Saying you were exhausted would have been an understatement. After reuniting with your sibling, you had been frantically searching for clues about khaenri'ah and ways to Inazuma. With no luck, you couldn't find any traces of Dainsleif or of your twin. The ruins had been sealed and you had no idea what happened to the inverted statue or the corpse you had found there. Desperately, you clung into every little information you had, you would have turned every rock on this archon damned continent if you had to, which is what led you into those ruins near Guilli plains.
Walking along the destroyed buildings your eyes caught sight of a dandelion and you froze. You missed them so much, why couldn't they go back home with you? All you ever wanted was to be by their side why, why were they running away from you?
You remembered your travels, the moments you shared together, their protectiveness over you, the fondness in their eyes when you smiled at them. You remember the times you got hurt and healed one another with your now missing powers. You remember sleeping by their side and being grateful to the universe to let you keep your ray of sunshine everywhere with you. How ironic.

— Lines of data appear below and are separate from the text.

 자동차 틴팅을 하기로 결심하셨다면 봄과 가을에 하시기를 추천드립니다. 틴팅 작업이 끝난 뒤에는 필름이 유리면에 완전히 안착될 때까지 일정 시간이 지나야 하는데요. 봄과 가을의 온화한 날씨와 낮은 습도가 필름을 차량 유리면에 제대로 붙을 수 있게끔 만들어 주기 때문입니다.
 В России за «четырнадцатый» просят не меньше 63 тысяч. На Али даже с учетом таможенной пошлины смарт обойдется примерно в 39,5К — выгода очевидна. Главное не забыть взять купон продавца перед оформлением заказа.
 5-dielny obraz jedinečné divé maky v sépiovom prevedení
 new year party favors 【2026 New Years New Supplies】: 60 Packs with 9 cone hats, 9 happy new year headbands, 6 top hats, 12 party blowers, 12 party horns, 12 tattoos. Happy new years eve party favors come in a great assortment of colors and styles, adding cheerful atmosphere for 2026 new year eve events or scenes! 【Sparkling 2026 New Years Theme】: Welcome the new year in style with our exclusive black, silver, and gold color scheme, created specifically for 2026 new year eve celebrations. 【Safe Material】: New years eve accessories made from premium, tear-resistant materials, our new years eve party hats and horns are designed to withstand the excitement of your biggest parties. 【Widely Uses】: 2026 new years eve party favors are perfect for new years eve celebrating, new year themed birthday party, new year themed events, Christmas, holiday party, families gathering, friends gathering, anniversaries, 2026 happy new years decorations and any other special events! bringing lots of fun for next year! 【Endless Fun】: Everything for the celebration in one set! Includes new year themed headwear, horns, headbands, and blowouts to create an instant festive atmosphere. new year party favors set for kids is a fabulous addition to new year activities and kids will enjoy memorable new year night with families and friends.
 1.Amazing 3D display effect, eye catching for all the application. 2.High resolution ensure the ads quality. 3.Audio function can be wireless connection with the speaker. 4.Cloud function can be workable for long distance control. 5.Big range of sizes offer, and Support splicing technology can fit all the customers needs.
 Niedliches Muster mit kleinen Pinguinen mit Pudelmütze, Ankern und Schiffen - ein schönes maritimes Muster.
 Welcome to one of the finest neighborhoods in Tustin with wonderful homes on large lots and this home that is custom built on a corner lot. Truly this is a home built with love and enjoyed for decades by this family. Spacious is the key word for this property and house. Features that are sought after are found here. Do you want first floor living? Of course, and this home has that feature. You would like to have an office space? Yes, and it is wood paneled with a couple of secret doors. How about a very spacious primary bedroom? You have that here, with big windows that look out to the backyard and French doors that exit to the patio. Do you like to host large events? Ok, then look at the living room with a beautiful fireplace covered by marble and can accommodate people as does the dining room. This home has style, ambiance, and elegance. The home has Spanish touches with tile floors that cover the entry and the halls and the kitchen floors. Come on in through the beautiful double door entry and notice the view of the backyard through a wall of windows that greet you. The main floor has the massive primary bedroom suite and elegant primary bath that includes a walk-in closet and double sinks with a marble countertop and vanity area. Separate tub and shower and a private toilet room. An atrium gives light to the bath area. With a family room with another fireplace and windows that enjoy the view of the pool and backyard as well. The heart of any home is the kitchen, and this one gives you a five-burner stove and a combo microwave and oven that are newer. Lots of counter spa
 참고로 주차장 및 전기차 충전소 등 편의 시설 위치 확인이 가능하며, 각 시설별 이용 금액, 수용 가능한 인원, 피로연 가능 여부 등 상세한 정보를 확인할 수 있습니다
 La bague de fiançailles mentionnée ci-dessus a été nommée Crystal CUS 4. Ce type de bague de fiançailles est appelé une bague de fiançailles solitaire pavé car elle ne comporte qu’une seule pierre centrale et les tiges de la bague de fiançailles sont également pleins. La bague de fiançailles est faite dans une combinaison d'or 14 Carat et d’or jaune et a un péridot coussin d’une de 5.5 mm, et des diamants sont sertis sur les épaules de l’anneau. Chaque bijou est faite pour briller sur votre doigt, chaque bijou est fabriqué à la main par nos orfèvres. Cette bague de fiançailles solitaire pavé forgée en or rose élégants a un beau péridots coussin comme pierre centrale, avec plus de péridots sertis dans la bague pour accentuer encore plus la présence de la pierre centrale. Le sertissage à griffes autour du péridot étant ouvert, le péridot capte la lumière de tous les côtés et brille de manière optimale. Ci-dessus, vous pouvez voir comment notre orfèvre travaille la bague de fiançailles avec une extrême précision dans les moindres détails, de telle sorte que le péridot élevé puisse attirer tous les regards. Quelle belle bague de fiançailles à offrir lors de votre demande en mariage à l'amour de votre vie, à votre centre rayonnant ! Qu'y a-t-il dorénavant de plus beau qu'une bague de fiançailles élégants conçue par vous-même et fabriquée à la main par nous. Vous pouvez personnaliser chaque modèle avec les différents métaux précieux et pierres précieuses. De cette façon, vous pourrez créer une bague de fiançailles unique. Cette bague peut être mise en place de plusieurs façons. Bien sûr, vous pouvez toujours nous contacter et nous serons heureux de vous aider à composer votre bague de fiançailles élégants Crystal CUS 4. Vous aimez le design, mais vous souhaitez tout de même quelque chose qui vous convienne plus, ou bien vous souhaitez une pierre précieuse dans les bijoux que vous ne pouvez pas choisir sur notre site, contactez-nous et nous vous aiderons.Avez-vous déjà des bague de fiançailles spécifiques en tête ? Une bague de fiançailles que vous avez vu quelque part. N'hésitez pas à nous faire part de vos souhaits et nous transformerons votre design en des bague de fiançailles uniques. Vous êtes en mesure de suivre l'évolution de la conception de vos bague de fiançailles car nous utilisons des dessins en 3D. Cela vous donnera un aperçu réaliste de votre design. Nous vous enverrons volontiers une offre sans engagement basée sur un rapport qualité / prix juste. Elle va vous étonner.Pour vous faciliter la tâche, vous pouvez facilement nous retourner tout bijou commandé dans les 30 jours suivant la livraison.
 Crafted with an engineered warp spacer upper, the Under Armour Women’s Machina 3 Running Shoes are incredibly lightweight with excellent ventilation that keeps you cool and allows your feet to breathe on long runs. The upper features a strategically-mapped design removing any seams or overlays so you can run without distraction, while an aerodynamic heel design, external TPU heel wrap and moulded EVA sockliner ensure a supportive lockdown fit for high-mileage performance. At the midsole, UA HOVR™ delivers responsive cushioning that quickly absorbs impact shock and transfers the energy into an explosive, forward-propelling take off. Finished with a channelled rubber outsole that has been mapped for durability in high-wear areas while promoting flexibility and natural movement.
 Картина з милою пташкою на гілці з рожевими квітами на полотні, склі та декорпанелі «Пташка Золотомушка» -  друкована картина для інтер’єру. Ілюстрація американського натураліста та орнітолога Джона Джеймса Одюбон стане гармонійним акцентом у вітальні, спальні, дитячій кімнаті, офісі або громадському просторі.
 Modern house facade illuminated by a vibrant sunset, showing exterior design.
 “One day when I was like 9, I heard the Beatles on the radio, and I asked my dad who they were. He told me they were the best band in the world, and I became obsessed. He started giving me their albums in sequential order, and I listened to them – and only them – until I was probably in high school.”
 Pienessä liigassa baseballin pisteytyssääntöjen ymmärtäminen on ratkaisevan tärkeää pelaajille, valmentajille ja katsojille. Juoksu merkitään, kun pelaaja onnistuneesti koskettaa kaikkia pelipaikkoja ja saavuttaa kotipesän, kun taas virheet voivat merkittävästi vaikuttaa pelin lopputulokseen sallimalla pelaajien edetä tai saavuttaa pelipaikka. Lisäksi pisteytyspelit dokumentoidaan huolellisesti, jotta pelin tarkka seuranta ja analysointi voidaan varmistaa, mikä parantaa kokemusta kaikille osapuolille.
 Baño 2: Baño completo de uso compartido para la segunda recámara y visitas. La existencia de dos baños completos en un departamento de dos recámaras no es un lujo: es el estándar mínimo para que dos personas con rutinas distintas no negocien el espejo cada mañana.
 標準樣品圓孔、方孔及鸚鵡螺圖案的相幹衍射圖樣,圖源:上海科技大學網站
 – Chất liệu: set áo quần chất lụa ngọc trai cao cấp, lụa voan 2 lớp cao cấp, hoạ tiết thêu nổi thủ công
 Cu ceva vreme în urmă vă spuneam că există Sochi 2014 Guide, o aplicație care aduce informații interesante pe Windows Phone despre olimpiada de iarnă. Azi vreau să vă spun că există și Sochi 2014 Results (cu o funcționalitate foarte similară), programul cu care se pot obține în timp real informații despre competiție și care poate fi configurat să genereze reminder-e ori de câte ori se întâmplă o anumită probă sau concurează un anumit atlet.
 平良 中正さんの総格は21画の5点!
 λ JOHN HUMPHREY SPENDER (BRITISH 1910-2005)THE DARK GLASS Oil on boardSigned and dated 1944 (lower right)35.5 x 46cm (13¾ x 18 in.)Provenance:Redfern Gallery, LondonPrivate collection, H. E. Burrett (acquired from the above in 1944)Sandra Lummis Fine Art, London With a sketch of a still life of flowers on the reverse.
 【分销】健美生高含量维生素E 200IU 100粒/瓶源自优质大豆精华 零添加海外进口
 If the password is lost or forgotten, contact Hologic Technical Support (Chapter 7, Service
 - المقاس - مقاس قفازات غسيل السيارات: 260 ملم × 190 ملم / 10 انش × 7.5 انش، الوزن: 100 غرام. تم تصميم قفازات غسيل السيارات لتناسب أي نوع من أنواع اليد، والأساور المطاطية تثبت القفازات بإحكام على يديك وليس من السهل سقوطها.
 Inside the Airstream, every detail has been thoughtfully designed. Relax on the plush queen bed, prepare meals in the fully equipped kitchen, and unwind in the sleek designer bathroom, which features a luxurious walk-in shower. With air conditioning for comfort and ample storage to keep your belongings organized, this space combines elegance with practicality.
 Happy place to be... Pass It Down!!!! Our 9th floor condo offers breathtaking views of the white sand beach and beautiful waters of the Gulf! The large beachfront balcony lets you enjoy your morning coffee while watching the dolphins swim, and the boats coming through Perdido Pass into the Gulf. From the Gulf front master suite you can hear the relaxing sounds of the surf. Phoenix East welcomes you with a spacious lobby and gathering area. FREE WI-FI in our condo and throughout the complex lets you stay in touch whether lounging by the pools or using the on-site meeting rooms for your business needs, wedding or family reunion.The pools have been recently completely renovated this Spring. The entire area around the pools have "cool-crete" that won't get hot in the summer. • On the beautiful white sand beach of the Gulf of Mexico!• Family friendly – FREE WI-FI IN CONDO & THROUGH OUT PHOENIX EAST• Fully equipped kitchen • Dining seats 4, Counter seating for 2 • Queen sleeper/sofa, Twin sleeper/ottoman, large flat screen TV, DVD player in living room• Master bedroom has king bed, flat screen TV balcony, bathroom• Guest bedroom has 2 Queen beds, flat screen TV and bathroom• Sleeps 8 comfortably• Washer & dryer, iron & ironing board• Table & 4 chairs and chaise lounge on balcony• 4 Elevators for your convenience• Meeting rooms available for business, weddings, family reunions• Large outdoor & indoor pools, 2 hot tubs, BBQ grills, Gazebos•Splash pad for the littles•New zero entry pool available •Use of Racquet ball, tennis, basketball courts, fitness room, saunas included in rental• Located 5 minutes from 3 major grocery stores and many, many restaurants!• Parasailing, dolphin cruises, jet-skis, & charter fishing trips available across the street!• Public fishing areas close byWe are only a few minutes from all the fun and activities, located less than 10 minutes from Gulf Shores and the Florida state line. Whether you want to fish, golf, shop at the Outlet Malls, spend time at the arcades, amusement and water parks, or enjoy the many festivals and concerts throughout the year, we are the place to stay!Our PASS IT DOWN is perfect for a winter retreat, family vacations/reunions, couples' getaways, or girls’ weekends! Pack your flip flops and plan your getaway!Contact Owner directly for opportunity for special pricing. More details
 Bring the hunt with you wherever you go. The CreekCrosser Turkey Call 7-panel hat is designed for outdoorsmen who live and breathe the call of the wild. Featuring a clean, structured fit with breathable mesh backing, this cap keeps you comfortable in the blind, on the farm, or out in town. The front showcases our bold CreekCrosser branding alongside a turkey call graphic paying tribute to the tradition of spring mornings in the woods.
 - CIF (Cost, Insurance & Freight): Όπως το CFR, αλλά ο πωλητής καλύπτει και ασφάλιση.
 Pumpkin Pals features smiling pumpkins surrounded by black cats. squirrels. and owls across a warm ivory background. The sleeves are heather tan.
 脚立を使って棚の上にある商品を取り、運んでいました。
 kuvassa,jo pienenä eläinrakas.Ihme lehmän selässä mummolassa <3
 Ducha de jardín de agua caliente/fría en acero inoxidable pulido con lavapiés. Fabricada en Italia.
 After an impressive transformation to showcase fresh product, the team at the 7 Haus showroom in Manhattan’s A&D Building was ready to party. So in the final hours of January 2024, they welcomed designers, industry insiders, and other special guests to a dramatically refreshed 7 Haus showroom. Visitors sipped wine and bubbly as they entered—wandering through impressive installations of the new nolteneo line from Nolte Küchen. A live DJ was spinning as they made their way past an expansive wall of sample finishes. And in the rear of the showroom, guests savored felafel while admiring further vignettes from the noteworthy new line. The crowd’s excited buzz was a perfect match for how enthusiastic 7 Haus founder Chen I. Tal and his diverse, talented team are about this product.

What had they meant 'once you reach the end of your journey' ? What does that even mean? Stupid twin, if they knew you were here the whole time, why hadn't they come to you? Why were they always leaving just when they were within your grasp? Why? Did they know how much you missed them and how much your heart broke when you finally saw them? Did they?
You only realized you were crying when a small gust of wind had your wet cheek react to the cold, breaking your train of thought. Wind.
The wind is everywhere, you think, free as a bird, always accompanying every citizen of this world, never truly alone. With this in mind, you resumed your exploring, slower this time.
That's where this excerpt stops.